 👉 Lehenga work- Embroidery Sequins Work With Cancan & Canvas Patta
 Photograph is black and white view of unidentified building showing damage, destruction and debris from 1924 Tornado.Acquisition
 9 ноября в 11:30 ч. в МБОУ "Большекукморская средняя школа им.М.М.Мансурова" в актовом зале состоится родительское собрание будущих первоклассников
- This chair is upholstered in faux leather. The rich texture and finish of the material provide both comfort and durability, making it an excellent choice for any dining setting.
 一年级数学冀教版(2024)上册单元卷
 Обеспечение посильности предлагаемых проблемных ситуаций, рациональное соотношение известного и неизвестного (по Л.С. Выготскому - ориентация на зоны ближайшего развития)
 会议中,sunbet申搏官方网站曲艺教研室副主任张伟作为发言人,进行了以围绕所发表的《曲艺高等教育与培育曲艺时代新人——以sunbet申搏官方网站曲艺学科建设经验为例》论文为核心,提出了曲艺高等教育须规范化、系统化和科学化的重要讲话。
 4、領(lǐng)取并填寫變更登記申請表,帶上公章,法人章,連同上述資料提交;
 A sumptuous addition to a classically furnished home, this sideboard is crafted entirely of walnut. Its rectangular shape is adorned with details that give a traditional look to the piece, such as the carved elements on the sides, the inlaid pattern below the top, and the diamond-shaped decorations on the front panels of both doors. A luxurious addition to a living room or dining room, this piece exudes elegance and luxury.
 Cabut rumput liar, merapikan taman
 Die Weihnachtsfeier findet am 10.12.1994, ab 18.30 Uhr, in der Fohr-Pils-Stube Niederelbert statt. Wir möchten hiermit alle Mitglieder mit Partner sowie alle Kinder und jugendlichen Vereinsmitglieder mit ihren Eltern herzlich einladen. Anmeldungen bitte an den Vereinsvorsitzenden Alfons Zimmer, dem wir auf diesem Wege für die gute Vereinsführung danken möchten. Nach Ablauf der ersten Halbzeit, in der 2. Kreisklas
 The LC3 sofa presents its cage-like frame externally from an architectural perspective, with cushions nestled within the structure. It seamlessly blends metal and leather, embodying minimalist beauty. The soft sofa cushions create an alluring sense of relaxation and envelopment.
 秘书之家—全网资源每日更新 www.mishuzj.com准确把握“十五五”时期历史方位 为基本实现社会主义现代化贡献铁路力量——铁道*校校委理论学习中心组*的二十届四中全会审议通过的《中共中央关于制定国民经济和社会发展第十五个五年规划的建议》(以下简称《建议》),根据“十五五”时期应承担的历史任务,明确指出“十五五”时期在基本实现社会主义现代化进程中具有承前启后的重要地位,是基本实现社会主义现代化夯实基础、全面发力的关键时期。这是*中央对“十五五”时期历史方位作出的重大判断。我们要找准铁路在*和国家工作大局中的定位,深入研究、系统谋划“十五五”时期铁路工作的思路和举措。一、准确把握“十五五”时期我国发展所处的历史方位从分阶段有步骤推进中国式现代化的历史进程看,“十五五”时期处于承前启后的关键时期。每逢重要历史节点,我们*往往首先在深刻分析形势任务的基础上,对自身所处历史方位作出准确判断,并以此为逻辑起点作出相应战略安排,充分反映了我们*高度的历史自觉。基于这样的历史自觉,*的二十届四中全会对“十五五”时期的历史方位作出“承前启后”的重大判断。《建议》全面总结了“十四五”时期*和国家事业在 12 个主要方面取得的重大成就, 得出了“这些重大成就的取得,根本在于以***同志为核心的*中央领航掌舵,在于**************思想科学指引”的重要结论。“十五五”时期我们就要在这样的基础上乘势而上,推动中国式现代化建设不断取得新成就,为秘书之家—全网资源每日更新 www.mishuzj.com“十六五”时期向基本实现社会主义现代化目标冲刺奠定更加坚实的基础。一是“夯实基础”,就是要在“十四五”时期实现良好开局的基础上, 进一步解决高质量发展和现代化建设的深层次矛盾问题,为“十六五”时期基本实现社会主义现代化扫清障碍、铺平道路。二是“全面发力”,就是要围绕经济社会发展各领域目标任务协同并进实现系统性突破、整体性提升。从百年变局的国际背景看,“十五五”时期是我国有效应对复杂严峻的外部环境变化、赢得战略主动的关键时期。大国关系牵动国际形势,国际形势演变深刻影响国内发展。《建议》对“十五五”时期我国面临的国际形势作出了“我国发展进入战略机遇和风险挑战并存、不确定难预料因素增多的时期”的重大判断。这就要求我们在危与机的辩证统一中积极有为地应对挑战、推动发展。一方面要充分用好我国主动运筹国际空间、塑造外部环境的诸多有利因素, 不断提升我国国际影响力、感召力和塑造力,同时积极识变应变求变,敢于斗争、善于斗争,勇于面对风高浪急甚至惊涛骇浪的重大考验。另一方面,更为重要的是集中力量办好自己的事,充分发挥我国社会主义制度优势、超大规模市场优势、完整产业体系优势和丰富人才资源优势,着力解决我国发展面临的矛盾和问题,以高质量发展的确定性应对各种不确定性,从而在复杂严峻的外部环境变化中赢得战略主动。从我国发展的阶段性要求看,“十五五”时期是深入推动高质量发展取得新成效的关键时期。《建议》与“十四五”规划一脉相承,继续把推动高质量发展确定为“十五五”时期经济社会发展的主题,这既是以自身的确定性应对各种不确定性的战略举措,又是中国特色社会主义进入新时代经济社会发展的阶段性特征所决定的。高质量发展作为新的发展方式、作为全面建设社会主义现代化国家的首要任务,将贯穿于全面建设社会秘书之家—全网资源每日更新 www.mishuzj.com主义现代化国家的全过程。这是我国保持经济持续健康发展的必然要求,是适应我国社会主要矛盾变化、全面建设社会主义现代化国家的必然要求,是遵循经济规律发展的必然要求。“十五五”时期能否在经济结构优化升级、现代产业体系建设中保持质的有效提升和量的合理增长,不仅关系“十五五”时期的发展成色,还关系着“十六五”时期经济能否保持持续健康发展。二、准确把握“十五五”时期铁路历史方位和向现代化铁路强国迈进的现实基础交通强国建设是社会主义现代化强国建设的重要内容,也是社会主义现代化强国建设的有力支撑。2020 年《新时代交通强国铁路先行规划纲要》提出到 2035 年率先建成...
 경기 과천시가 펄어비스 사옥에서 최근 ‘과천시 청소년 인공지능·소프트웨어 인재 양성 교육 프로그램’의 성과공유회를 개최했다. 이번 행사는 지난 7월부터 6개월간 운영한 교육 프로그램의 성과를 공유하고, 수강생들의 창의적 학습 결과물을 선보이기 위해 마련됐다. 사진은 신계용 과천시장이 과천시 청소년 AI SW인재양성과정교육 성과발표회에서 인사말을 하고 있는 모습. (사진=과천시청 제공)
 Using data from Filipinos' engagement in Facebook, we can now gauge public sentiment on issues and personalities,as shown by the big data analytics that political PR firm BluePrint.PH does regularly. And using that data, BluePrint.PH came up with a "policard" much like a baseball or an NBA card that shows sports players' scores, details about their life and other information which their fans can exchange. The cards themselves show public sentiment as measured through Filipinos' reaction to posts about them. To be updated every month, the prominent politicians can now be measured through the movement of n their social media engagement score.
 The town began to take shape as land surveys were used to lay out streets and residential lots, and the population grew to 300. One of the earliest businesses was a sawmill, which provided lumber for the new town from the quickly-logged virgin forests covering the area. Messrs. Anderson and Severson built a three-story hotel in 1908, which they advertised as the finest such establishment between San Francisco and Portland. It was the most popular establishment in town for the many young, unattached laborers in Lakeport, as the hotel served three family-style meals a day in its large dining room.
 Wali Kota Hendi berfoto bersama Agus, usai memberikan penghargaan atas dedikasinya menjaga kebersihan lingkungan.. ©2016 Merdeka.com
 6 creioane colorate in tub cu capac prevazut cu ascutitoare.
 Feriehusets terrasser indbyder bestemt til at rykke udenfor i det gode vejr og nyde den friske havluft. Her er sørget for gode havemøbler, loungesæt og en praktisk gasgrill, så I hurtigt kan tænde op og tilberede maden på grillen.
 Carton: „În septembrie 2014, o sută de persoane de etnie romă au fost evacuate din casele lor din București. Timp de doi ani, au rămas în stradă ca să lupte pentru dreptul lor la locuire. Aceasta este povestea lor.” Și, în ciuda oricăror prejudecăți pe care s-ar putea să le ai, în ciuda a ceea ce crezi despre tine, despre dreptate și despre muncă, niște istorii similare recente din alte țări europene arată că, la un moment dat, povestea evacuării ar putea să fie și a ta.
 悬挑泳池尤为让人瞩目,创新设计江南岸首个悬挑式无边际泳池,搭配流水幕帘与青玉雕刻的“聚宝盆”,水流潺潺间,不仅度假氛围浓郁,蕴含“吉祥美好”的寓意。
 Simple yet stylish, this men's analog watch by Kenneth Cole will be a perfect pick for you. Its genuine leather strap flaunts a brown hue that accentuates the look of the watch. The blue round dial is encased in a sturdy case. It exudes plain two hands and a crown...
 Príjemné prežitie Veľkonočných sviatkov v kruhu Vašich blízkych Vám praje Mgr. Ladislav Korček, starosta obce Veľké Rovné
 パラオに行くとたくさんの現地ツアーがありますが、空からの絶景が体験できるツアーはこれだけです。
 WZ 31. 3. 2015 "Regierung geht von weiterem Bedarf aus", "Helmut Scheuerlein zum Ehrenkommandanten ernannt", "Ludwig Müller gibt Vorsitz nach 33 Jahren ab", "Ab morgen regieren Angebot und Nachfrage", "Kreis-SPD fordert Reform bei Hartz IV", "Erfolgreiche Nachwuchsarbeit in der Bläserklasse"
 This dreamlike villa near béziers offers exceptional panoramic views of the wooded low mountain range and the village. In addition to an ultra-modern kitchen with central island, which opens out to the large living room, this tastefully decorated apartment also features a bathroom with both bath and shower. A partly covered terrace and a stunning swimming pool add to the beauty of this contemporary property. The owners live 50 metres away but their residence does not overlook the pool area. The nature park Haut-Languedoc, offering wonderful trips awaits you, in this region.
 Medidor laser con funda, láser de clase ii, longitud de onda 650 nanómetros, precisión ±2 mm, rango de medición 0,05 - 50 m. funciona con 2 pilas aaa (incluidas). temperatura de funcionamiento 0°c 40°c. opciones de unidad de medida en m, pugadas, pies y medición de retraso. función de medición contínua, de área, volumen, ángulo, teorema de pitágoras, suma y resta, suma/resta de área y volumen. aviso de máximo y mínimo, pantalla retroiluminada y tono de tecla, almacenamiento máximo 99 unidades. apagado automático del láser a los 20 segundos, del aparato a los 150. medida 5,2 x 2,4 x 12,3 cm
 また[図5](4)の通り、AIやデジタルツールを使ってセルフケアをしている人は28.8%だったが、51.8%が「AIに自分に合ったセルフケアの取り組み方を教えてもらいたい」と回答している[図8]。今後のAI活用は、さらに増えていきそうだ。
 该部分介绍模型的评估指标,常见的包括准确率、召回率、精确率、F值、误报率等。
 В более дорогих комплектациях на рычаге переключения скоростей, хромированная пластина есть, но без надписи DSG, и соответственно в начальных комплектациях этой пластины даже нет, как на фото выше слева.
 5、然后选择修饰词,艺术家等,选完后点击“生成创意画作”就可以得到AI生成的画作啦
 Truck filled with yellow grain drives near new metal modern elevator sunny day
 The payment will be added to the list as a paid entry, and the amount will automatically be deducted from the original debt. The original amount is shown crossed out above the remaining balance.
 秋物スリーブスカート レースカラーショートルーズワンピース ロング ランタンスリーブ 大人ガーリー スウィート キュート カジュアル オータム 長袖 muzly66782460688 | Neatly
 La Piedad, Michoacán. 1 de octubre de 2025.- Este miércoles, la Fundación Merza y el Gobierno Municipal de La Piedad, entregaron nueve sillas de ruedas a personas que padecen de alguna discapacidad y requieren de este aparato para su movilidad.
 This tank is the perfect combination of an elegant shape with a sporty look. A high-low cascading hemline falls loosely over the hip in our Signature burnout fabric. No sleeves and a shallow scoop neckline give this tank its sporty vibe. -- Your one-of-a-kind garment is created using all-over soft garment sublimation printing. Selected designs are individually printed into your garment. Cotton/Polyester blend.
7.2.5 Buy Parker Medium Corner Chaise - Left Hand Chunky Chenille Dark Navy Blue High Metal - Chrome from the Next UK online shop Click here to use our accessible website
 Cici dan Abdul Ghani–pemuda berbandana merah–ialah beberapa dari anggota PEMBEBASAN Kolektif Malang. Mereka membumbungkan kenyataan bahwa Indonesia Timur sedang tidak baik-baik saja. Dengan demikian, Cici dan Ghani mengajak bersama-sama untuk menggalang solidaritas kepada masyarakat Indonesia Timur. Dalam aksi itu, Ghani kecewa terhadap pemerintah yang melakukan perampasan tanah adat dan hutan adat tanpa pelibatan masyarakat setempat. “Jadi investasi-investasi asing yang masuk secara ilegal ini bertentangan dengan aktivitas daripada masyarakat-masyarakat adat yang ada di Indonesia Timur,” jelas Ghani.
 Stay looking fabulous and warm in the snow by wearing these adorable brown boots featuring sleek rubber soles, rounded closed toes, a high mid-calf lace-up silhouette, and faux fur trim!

Task statement:
Start with the line above that contains "Simple yet stylish, this" and end with the line that contains "また[図5](4)の通り、A". Write out those lines exactly, and only those.

Expected output:
 Simple yet stylish, this men's analog watch by Kenneth Cole will be a perfect pick for you. Its genuine leather strap flaunts a brown hue that accentuates the look of the watch. The blue round dial is encased in a sturdy case. It exudes plain two hands and a crown...
 Príjemné prežitie Veľkonočných sviatkov v kruhu Vašich blízkych Vám praje Mgr. Ladislav Korček, starosta obce Veľké Rovné
 パラオに行くとたくさんの現地ツアーがありますが、空からの絶景が体験できるツアーはこれだけです。
 WZ 31. 3. 2015 "Regierung geht von weiterem Bedarf aus", "Helmut Scheuerlein zum Ehrenkommandanten ernannt", "Ludwig Müller gibt Vorsitz nach 33 Jahren ab", "Ab morgen regieren Angebot und Nachfrage", "Kreis-SPD fordert Reform bei Hartz IV", "Erfolgreiche Nachwuchsarbeit in der Bläserklasse"
 This dreamlike villa near béziers offers exceptional panoramic views of the wooded low mountain range and the village. In addition to an ultra-modern kitchen with central island, which opens out to the large living room, this tastefully decorated apartment also features a bathroom with both bath and shower. A partly covered terrace and a stunning swimming pool add to the beauty of this contemporary property. The owners live 50 metres away but their residence does not overlook the pool area. The nature park Haut-Languedoc, offering wonderful trips awaits you, in this region.
 Medidor laser con funda, láser de clase ii, longitud de onda 650 nanómetros, precisión ±2 mm, rango de medición 0,05 - 50 m. funciona con 2 pilas aaa (incluidas). temperatura de funcionamiento 0°c 40°c. opciones de unidad de medida en m, pugadas, pies y medición de retraso. función de medición contínua, de área, volumen, ángulo, teorema de pitágoras, suma y resta, suma/resta de área y volumen. aviso de máximo y mínimo, pantalla retroiluminada y tono de tecla, almacenamiento máximo 99 unidades. apagado automático del láser a los 20 segundos, del aparato a los 150. medida 5,2 x 2,4 x 12,3 cm
 また[図5](4)の通り、AIやデジタルツールを使ってセルフケアをしている人は28.8%だったが、51.8%が「AIに自分に合ったセルフケアの取り組み方を教えてもらいたい」と回答している[図8]。今後のAI活用は、さらに増えていきそうだ。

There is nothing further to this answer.